*** Opening of Materials provided ***
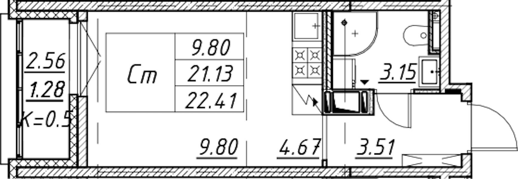 - Площадь22,41 м2
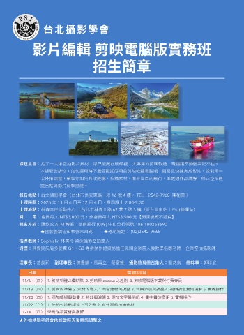 11/13(四) 1. 剪輯的準備 2. 素材的導入、內容建材與調整 3. 音樂添加與調整 4. 視頻調色實用講解 5. 實機操作
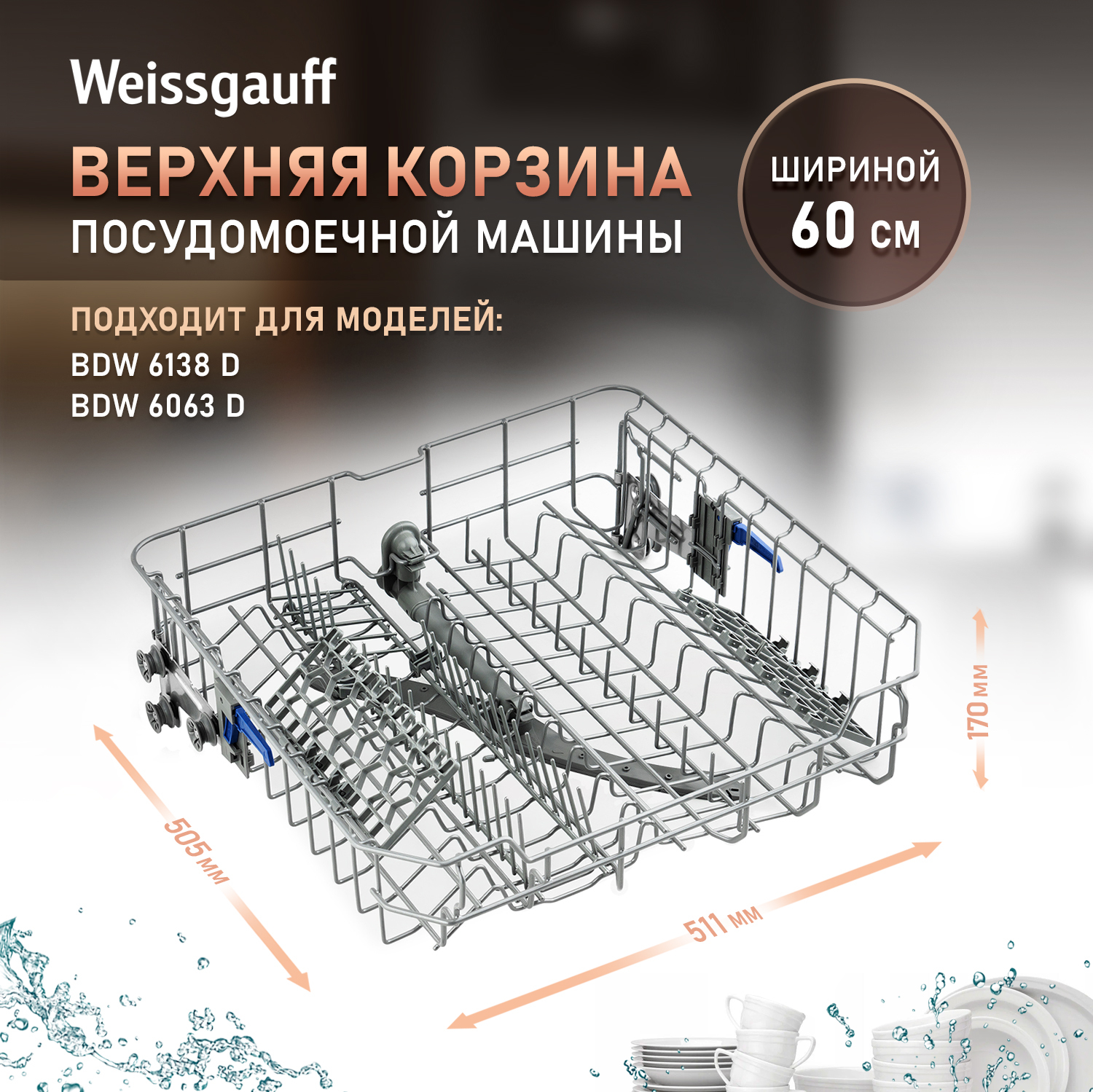 Верхняя корзина для посудомоечной машины шириной 60 см, предназначена для размещения мелкой посуды, обеспечивает оптимальное распределение предметов с целью максимального удаления загрязнений и обеспечения равномерного распределения водных потоков. В данную корзину рекомендуется помещать следующие типы посуды:
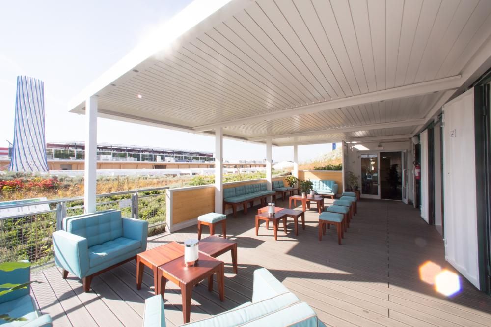 A far bella mostra di sé sul tetto del Pavillon Monaco è un magnifico roof garden, che ha già incantato i tanti visitatori del padiglione. La sua forma vuole evocare i rilievi del Sud Est della Francia, caratterizzato da montagne che scendono verso il mare. In cima, il fiume “Blue Ribbon”, simbolo dell’irrigazione, pratica indispensabile all’agricoltura.
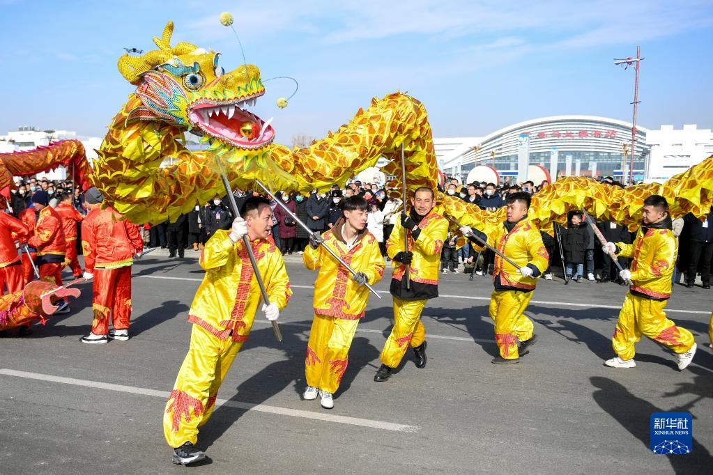2月5日,人們在內蒙古烏蘭察布市烏蘭察布站前廣場表演舞龍。
*** Close of Materials provided ***
Task directions →
Put down exactly the lines of the data above that run from its first line through the line bearing "Верхняя корзина для", and no pictures.

Exercise answer →
 - Площадь22,41 м2
 11/13(四) 1. 剪輯的準備 2. 素材的導入、內容建材與調整 3. 音樂添加與調整 4. 視頻調色實用講解 5. 實機操作
 Верхняя корзина для посудомоечной машины шириной 60 см, предназначена для размещения мелкой посуды, обеспечивает оптимальное распределение предметов с целью максимального удаления загрязнений и обеспечения равномерного распределения водных потоков. В данную корзину рекомендуется помещать следующие типы посуды:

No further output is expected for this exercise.